You and your friend have completely misread that section.  It states that you can move out of your PPR for up to a year before it is sold and still have it considered your PPR.  It DOES NOT MEAN you can move into an investment property for a year before sale and have the property considered your PPR for CGT purposes.

The idea of course is to not penalise someone if it takes a while to sell their PPR but they need to move straight away.


----------



## therave (6 Jun 2006)

hi, i recently sold a property and investigated the cgt on this sale.on the revenue site i remember seeing that if you sell the property and re-invest the money back into another property then there is no cgt payable,but i don't have the link to hand and i thknk professional advice from an account would be best


----------



## dam099 (6 Jun 2006)

therave said:
			
		

> hi, i recently sold a property and investigated the cgt on this sale.on the revenue site i remember seeing that if you sell the property and re-invest the money back into another property then there is no cgt payable,but i don't have the link to hand and i thknk professional advice from an account would be best


 
It might be possible that using the search facility might have thrown up a link to some old out of date document about roll-over relief. I'm not sure how diligent Revenue are about deleting or flagging out of date data when a newer publication exists but the rollover relief was effectively abolished in 2002. 

In fact the current CGT1 document does refer to roll-over relief (see chapter 9) but states it is no longer available for disposals since 3/12/2002. _The reason it appears to be in there seems to be because there is a very limited application of these provisions allowing for gains on disposals prior to this dates which were rolled over due to reinvestment to continue to be rolled over if the subsequently purchased asset is sold and the proceeds continue to be reinvested but it only applies to the original gain deferred pre 3/12/2002 and not to any additional gains on the subsequent assets. This is largely irrelevant here as given the facts outlined by the OP this would not apply._


----------



## bazermc (7 Jun 2006)

FillSpectre said:
			
		

> On your point I didn't ask for a moral judgement plus what how does CGT paid by my friend help FTBs?


 
I know you didn't ask for my moral judgement but I gave it anyway becouse it just bugs me when people make a shed load of money on property and spend hours trying to find a loophole in the PPR legislation that does not exist.  In fact the particular section has been amended 5 times since CGT was first introduced (1975) and has been the subject of approx 15 court cases both in UK and Ireland.  On the other hand you have FTB's struggling to get on the ladder.  Obvisiously CGT paid by friend does not directly help FTB's, it is just about equality in the tax system.

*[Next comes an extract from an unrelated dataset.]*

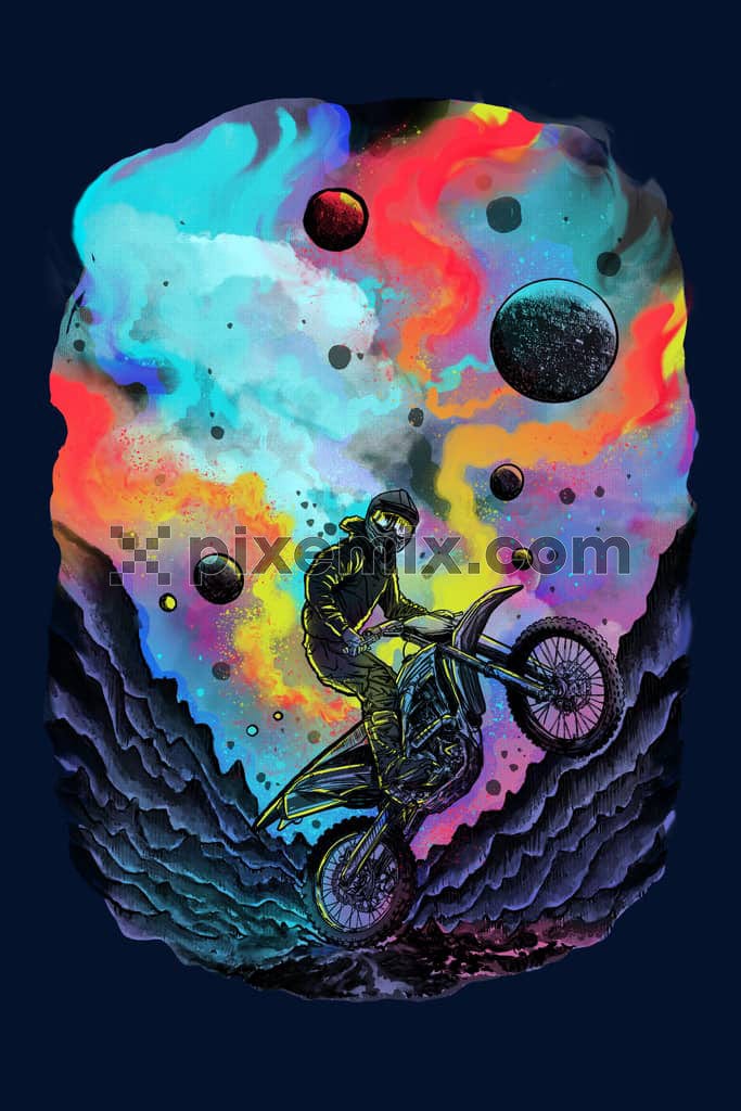 Mountain biker with splash effect product graphic

Lastly regarding roll over relief it was abolished in December 2002.


----------



## CCOVICH (7 Jun 2006)

Keep it on topic please and save moral judgements for Letting off Steam please.

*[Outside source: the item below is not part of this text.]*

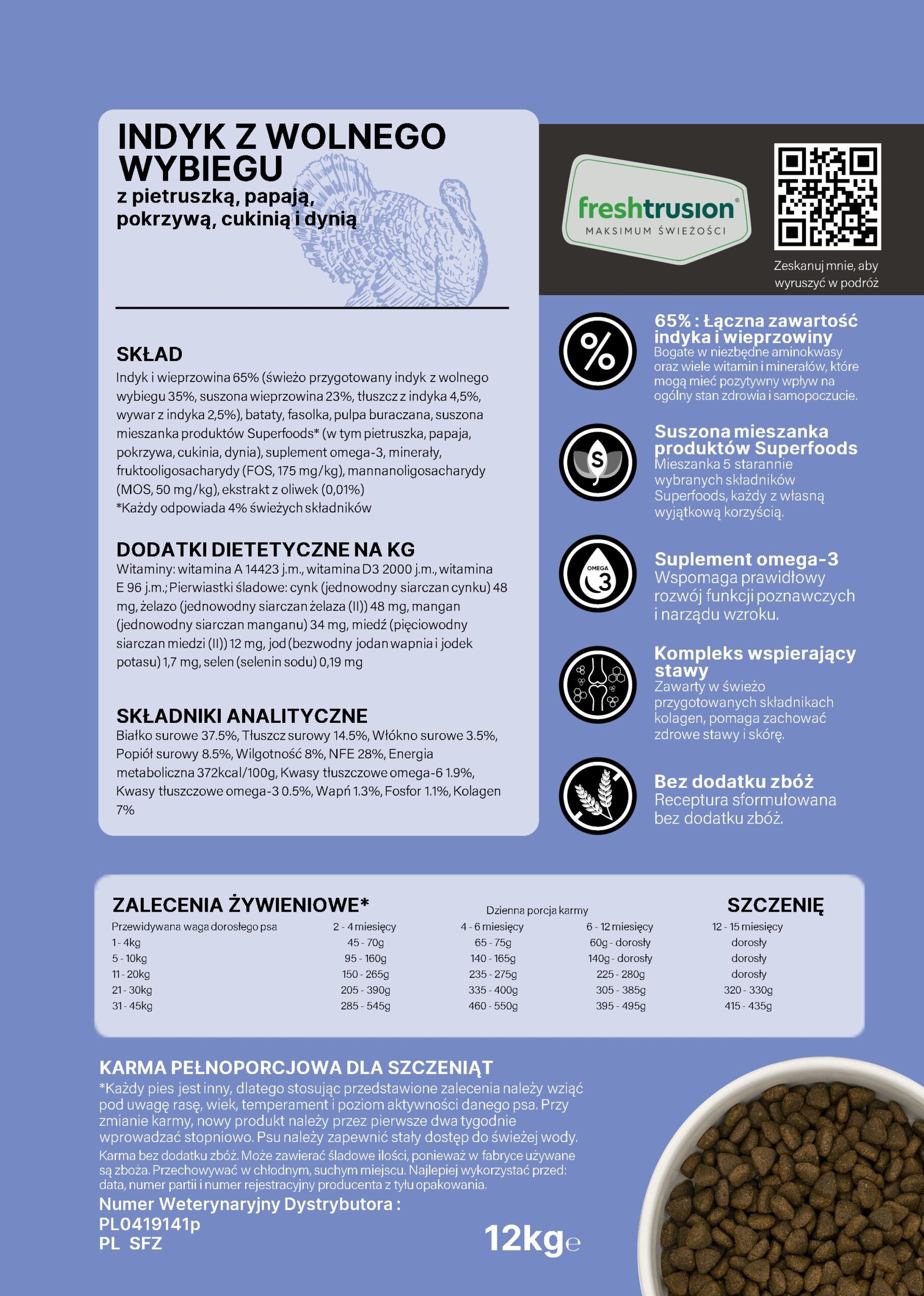 🍗 35% świeżo przygotowanego indyka z wolnego wybiegu – delikatnie gotowany, świetna strawność.

No more on the issue-thanks.


----------



## FillSpectre (7 Jun 2006)

bazermc said:
			
		

> I know you didn't ask for my moral judgement but I gave it anyway becouse it just bugs me when people make a shed load of money on property and spend hours trying to find a loophole in the PPR legislation that does not exist.  In fact the particular section has been amended 5 times since CGT was first introduced (1975) and has been the subject of approx 15 court cases both in UK and Ireland.  On the other hand you have FTB's struggling to get on the ladder.  Obvisiously CGT paid by friend does not directly help FTB's, it is just about equality in the tax system.
> 
> Lastly regarding roll over relief it was abolished in December 2002.




I hope it keeps on bugging you becasue those who stand in judgement like yourself deserve to be bothered by there own wild assumptions and views. My friend has paid a lot of tax over the years and kept the economy going when others in the 70s and 80s evaded tax. This was a question about a legal approach to holding on to a profit which he already paid tax on many times over the years while renting to a local authority. He'll keep his house and continue to provide a service. He wanted to reorgainse his assets and didn't feel like paying tax to do that. Can you tell me why you think a 70 year old man can't reorgainse his pension  without paying €120k to do so?

I'm sure you have paid every thing due to moral good rather than rules but others don't have to hence there are rules.


----------



## CCOVICH (7 Jun 2006)

Fine.

Thread locked.


----------